Jenggo tertawa, “sebentar lagi kalian akan tahu betapa mengerikannya kekuatan kami. Ahahahahah. Kalian mau membuktikan? Boleh saja, silahkan berhadapan dengan dua jenderalku ini.”

“Dari tadi jenderal-jenderal melulu! Kamu itu siapa dari kelompok mana, bangsa...” belum sempat menyelesaikan kalimatnya, Tedi Ganesha tersentak dan terbang ke belakang. Dadanya disodok dengan kekuatan dahsyat yang tidak main-main. Ia terbanting dan terguling beberapa kali di tanah. Tedi mengejang sesaat sebelum mulutnya tersedak mengeluarkan darah.

Di posisi tempat Tedi Ganesha sebelumnya berdiri, kini hadir sosok Alang Kumitir. Posisinya setengah merunduk dengan lutut ditekuk, wajah serius, siku tangan menyorong ke depan. Siku tangan inilah yang tadi menghempaskan Tedi ke belakang.

“Ada lagi yang mau mencoba? Hahahahahah.” Jenggo tertawa, “Kum! Mundur! Kita negosiasi dulu!”

Hanya dengan sekejap mata, Alang Kumitir kembali berdiri di sisi Jenggo.

Jenggo berdehem. “Mungkin salahku tidak mengenalkan diri terlebih dahulu. Coba aku ulangi ya, supaya kalian lebih paham berhadapan dengan siapa. Aku Bambang Jenggo, di kiri ini Alang Kumitir, dan di kanan Tunggul Seto. Kami bertiga menawarkan kalian dari KSN untuk bergabung dengan Randupanji Kombat Zombies. Kami berjanji akan menyalakan obor yang diperlukan untuk membakar kota dan menghabisi semua kelompok, entah itu PSG, QZK, JXG, atau Aliansi sekalipun – kalau kalian hanya ingin berkuasa di utara, kenapa tidak sekalian saja menguasai seluruh kota? Hahahaha. Kamu – cah bagus, akan menjadi Jenderal ketigaku dan akan memimpin unit pasukan mudamu jika bersedia bergabung denganku. Yang tidak bersedia, boleh gabung ke PSG. Bagaimana? Hahahaha.”

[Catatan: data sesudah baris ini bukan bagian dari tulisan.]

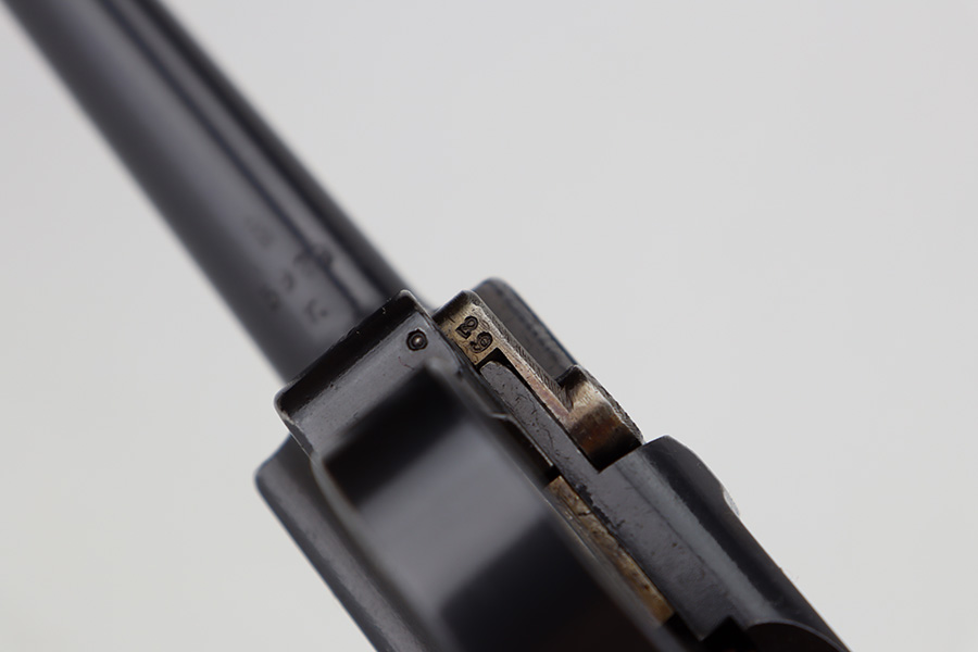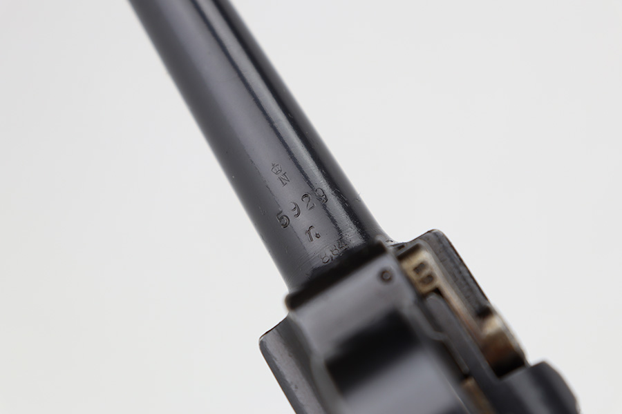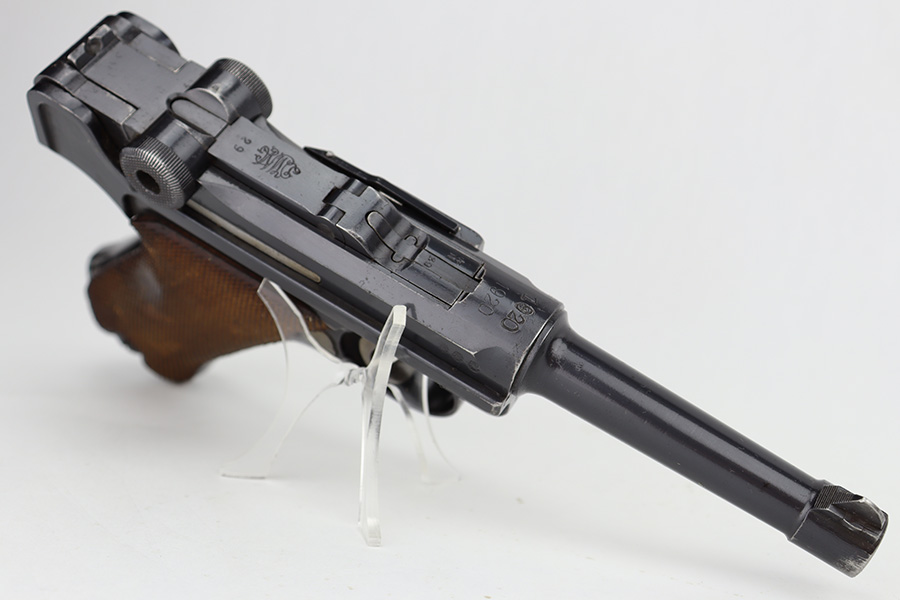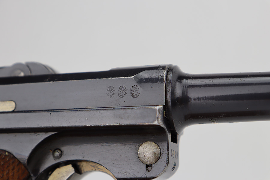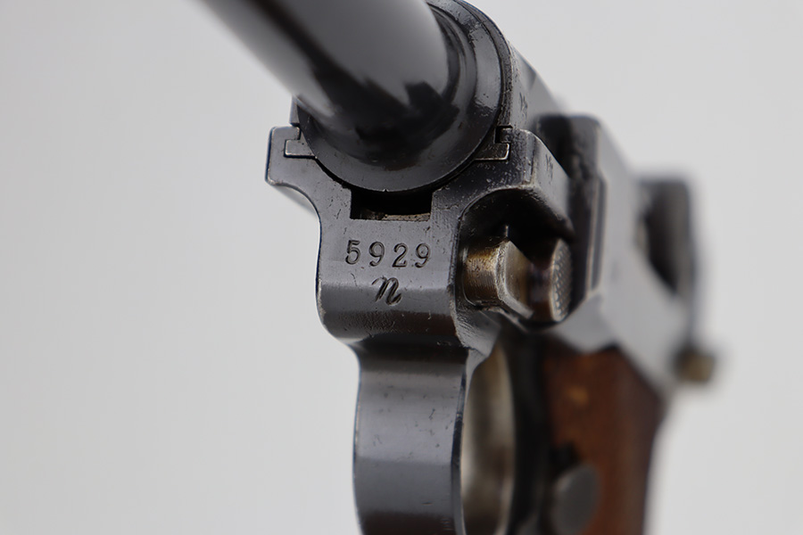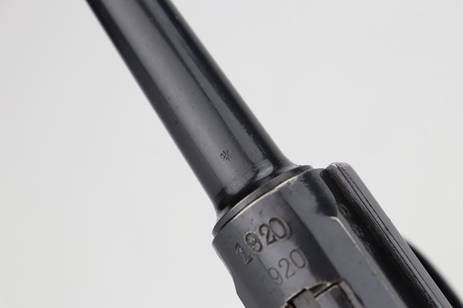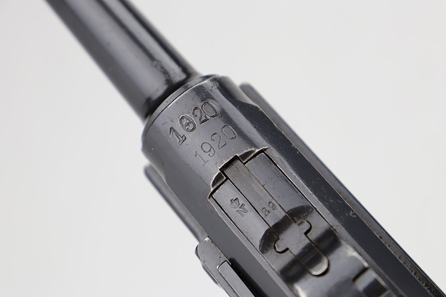 6/14/23 – This is an excellent example of a rare 1920/1920 double-date DWM Luger. The first “1920” (closest to the ejection port) indicates the date of manufacture, 1920. The second “1920” (closest to the muzzle) is a government property marking. Due to restrictions under the Treaty of Versailles, Germany was only allowed to have a certain amount of guns in military and police service. This marking indicates it was ear-marked for government service. This particular gun was issued to the German police force in 1920. It has an added police sear safety and Weimar-era police eagle markings on the right side of the slide. It also comes with one matching police arsenal-numbered magazine. The magazine was made by Simson and has the proper “Eagle 6” Simson proof. “Crown N” proofs on the slide, frame, and barrel indicate it ended up in the commercial market at some point. The gun itself is all matching and has retained about 95% of its finish. Minor wear around the muzzle, on the side plate, and on the left side of the frame. Some tiny pits under the finish on the grip straps. Fitted with un-numbered wood grips – noticeable bruise on the right side. The left grip panel has a WW2-era “S/42” armorers replacement marking, and the right grip has a Nazi-era “Eagle 63” proof. Excellent bore with strong rifling.
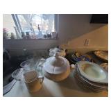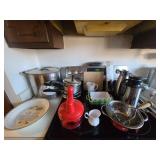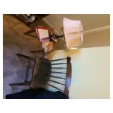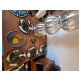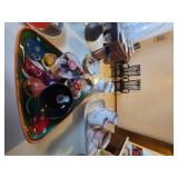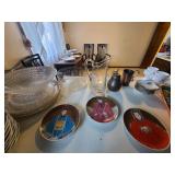 For black dining room chairs, two wooden dining chairs with wheels, Lollita love my martini martini glasses in “frosty loves to party“, billiard themed dining set Asian inspired plates, swan bowl, party platters, ceramic punch bowls, pelican glasses, salt and pepper shakers, cheese grater, floral teapot, apple tree sugar bowl, apple tree cream pitcher, coffee mugs, small dollhouse spoons, crockpot, colander, salad spinner, stainless steel stock pot 20 quarts, small bread pans, butcher knife, stainless steel crafts, candles, farm magnets, butterfly plate, ornate bird serving bowl and platters, angel portraits, uranium glass plates, uranium glass bowls, uranium glass serving platter
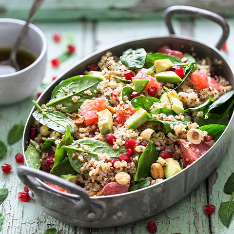Desgranamos la granada y añadimos a la ensaldera, al igual que el aguacate, el pollo , las avellanas y los brotes de espinacas
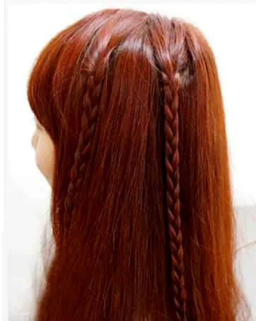 Step1:沿着刘海从前额取出一小束头发,再编织成一条三股辫,发尾处用橡皮筋固定好。
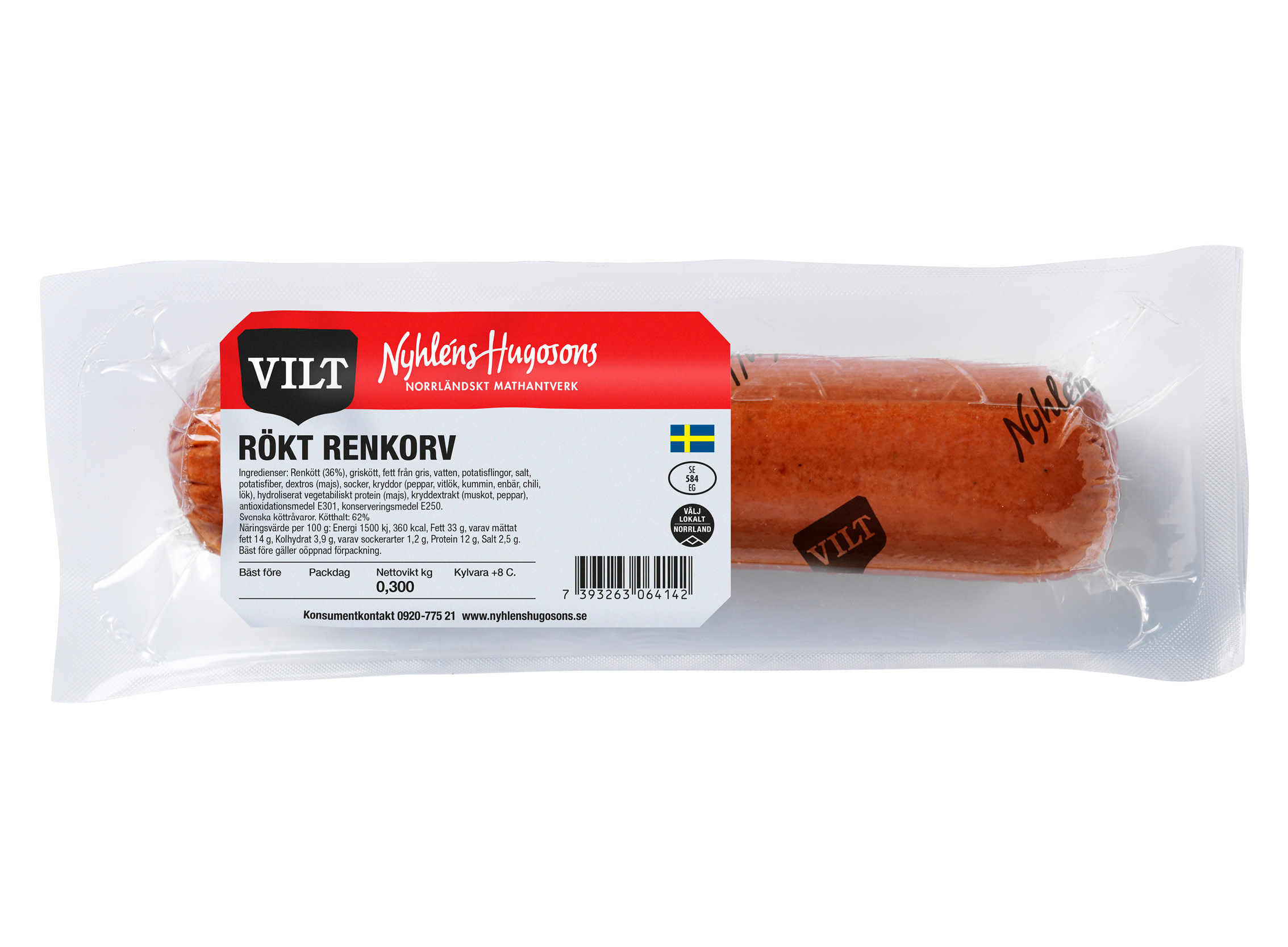 Renkött (36%), griskött, fett från gris, vatten, potatisflingor,
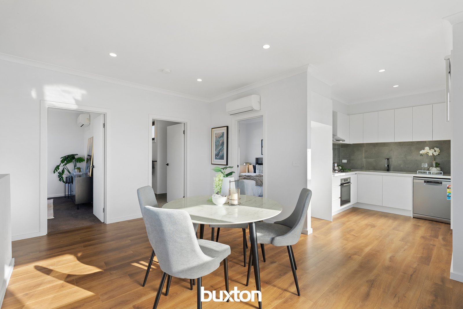Further enhancing the home are laminate timber flooring through the living zones, plush carpet to bedrooms, a porcelain tiled bathroom, LED downlights and split system heating and cooling to all bedrooms and the main living area.
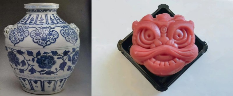 左:元 青花缠枝牡丹纹狮耳罐 | 右:醒狮蔓越莓香芋月饼
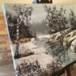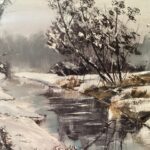 Praca powstała na przełomie 2022 i 2023 r. Inspiracją był spacer w zimowy,mroźny nad brzegami potoku Skoryni-w okolicy, gdzie mieszkam. Takie wędrówki są moją codziennością, każdy kto posiada spragnionego spacerów psa ,wie jak to jest 😉. Moje spacery są też wspaniałą okazją do poszukiwania inspiracji-tak jak stało się w tym przypadku.
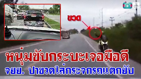 หนุ่มขับกระบะเจอมือดี จยย. ปาขวดใส่กระจกรถแตกยับ
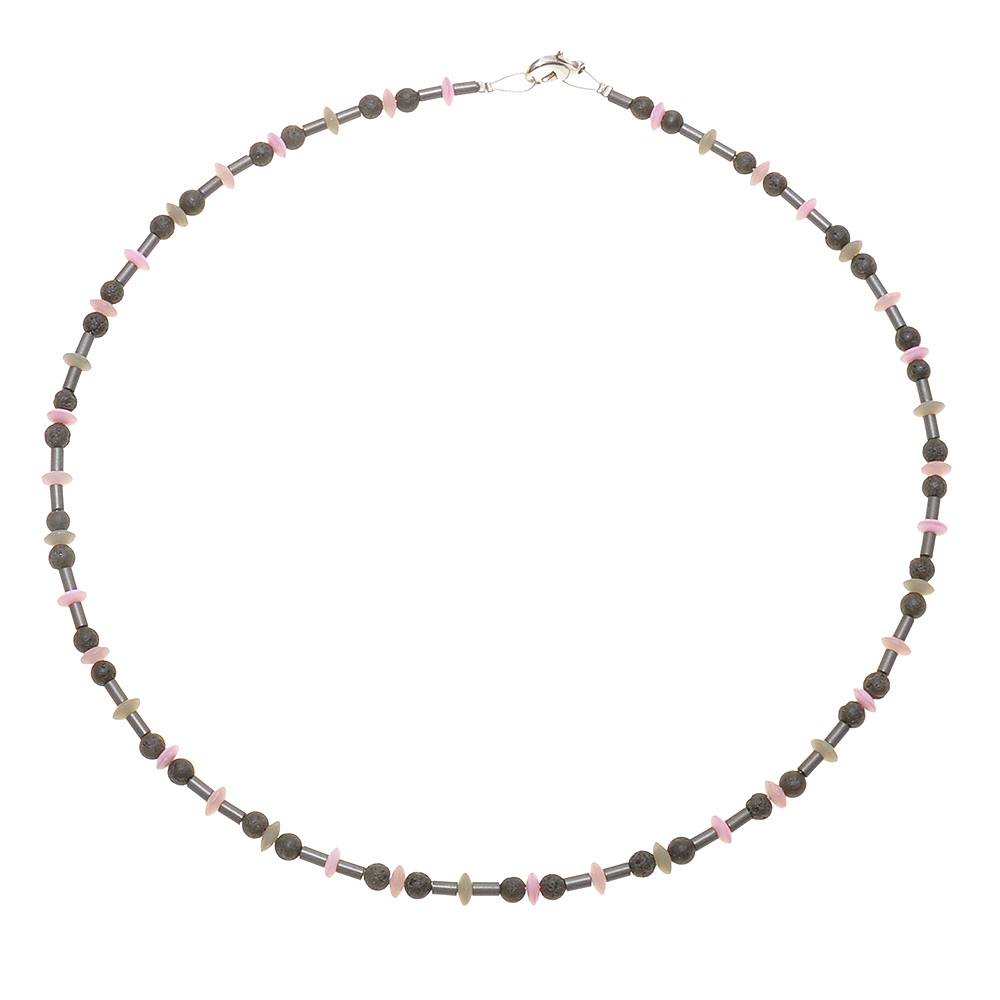 Kette mit Glaslinsen in den Farben hellgrau und rosa und malve und mit kleinen Hülsen aus Hämatit und mit kleinen Kugeln aus Lava Länge ca. 45 cm

“Randupanji Kombat Zombies? RKZ?” Oppa meneguk ludah.

“Seratus.” Jenggo tersenyum licik. “Minat?”

“Patut dipertimbangkan.” Kang Daan mengangguk setuju.

“Tidak mau! Jangan sampai mau, Oppa!” Tedi Ganesha yang tadi dipermalukan berdiri dengan sengit, “PSG saja aku tidak mau apalagi kelompok sirkus semacam RKZ! Aku lebih memilih membentuk kelompok sendiri atau hancur sekalian daripada bergabung dengan mereka! Kelompok ga jelas!”

“Tidak jelas? Hahahahaha.” Jenggo tertawa, “bagaimana kalau kami buktikan saja? Akhir-akhir ini JXG bergerak dengan gerilya, hanya mengeluarkan punggawa-punggawa mereka dan bertindak hati-hati. Tapi dalam waktu dekat – RKZ yang kamu bilang tidak jelas ini akan bisa memancing JXG turun gunung lebih cepat dan memporakporandakan PSG sampai tuntas. Untuk hal semacam itu tidak butuh waktu lama bagi kami, apalagi hanya menepuk lalat seperti Aliansi. Bagaimana? Hahahahaha.”

RKZ akan memancing JXG menghancurkan PSG? Apa maksudnya? Oppa berpikir keras, apa yang harus dilakukannya? Bergabung dengan RKZ berarti mengkhianati Lek Suman, tapi pimpinan RKZ ini bilang dia bisa mengadu domba PSG dan JXG untuk melakukan perang besar. Kalau bergabung dengan PSG, bukannya jadi aman, malah bisa-bisa dikorbankan saat perang melawan JXG.

Tedi yang sudah bisa kembali berdiri mendekati Oppa, demikian juga Kang Daan.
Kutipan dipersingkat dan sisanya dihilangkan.